Vietnam inflation slows a third month on food prices


Vietnamese inflation slowed for a third month in June as food prices eased, giving the government room to keep prodding banks to reduce borrowing costs.

Consumer prices rose 8.69 percent from a year earlier, after inflation exceeded 9 percent in each of the previous three months, according to figures from the General Statistics Office in Hanoi Thursday. Prices advanced 0.22 percent in June from May.

State Bank of Vietnam Deputy Governor Nguyen Van Binh said this month that the central bank would try to lower borrowing costs at the government’s request as interest rates are still “high” and cutting into corporate profits. The government is targeting 6.5 percent economic growth this year, up from 5.3 percent in 2009.

“The government must be relieved that inflation seems to be coming under control,” said Ayumi Konishi, the Hanoi-based Vietnam country director for the Asian Development Bank. “Food prices have been coming down and the relatively stable foreign-exchange environment must also be contributing to this.”

Vietnam’s currency is trading at 18,980 per dollar, having strengthened from 18,990 at the end of May.

Focus on stability

“It’s too early to say” whether the latest inflation figures suggest that interest rates can drop significantly, Konishi said. “The government has repeatedly said that economic stability is the most important thing.”

Prices in the category including rice dropped 0.83 percent from a month earlier, according to the data. Export prices of some varieties of Vietnamese rice declined as much as 6 percent in the week ended June 11 from a week earlier, the agricultural attaché’s office at the US Embassy in Hanoi said in a report released on June 18.

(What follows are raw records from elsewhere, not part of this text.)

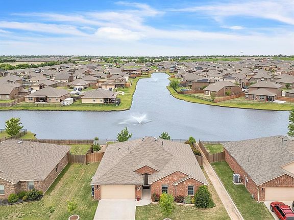Serene waterview living in the Homestead at Horn Valley neighborhood and Yukon school district. This four-bedroom, two-bath home overlooks the picturesque neighborhood pond with a prime view of the floating fountain - truly an amazing opportunity - it's the first thing you'll see when you enter the house and are greeted by the huge windows overlooking the backyard and water. The pergola sets the stage for the retreat, featuring a custom grill area, pull-down shades for sun protection, a misting cooling system, remote-controlled fan, ambient lighting, and Boston Ivy on the trellis. Whether entertaining or enjoying a quiet cup of coffee, it's an outdoor living area you'll use daily. Overall, this home has numerous updates and features. The full list is attached to the MLS listing in the supplement section, but here are a few: The advanced Rainbird sprinkler system is equipped with wireless connectivity and rainfall detection (it knows when it's raining!), ensuring efficient water usage across seven zones. Custom sprinkler heads nurture the vibrant front and back landscaping, and a self-watering connection simplifies care for the front flower pot. Outdoor living is enhanced with two additional gas lines: one for the grill and another for a potential fire pit in the flower garden, eliminating the need for propane tanks. There is a very nice storage building with motion detector lights, too. Inside, the home is outfitted with several modern conveniences like an Ecobee smart thermostat, Ring doorbell, & a hot water tank under the kitchen sink for instant hot water. The garage offers organized storage with mounted hooks & racks, while a fully wired ADT security system covers all doors and windows, including glass break sensors on the back door. A list of the property's diverse trees and plants is available upon request, enhancing its appeal to nature enthusiasts. Attention to detail and true pride of ownership abound from the smallest touches to the most impactful choices.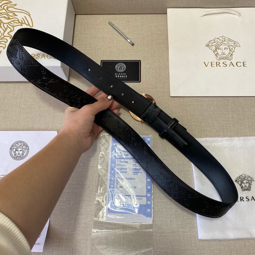 Home Belt VERSACE Belt Versace round buckle black textured belt, simple and elegant, low-key and luxurious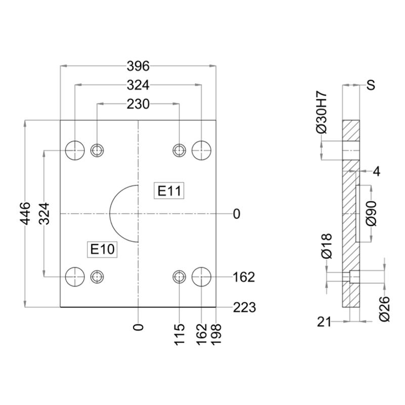 E10-396-396- Clamping Plate, Lateral Overhanging, with Locating Ring Recess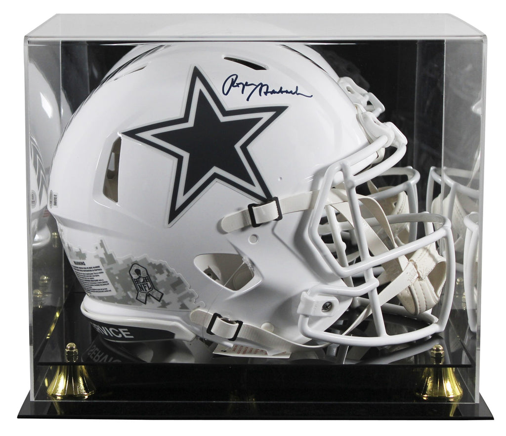 This Autographed Alternate 2024 Salute To Service III Riddell Full Size Speed Proline Helmet W/ Uv Mirrored Back Acrylic Display Case has been Personally Signed by Roger Staubach of the Dallas Cowboys. This item is 100% Authentic to include a hologram by Beckett Authentication Services. This item will come with an affixed Beckett Authentication Services (BAS) authentication sticker, which includes a scannable QR code to verify authenticity. Please note that Beckett no longer provides serial-numbered COA cards, and the attached BAS sticker will serve as the complete authentication for this item. This is a BAS Witnessed Protection Program item which means a Beckett Authentication Service representative was present when this item was being signed. We conducted an autograph signing with Roger Staubach where multiples of the same item were signed. While the photographs are representative of this item, the size, placement and strength of the signature may vary. Each item is hand signed, therefore, each autograph is unique. This item can be verified through BAS Witnessed.

Prices fell “because exporters’ buyers delayed purchasing rice in anticipation of the autumn harvest reaching its peak in mid-July,” the US agricultural attaché’s office said in the report. “Paddy prices were slightly down last week due to the autumn harvest having begun last week.”

Transportation prices rose 14.82 percent in June from a year ago, down from an 18.16 percent annual pace in May. On a monthly basis, transportation prices dropped 0.71 percent in June from May.

“For a lot of countries, headline inflation is virtually tracking commodity prices, which have become more stable,” said Matt Robinson, a Sydney-based economist for Moody’s Analytics Inc. “Crude oil is not providing inflation pressure right now.”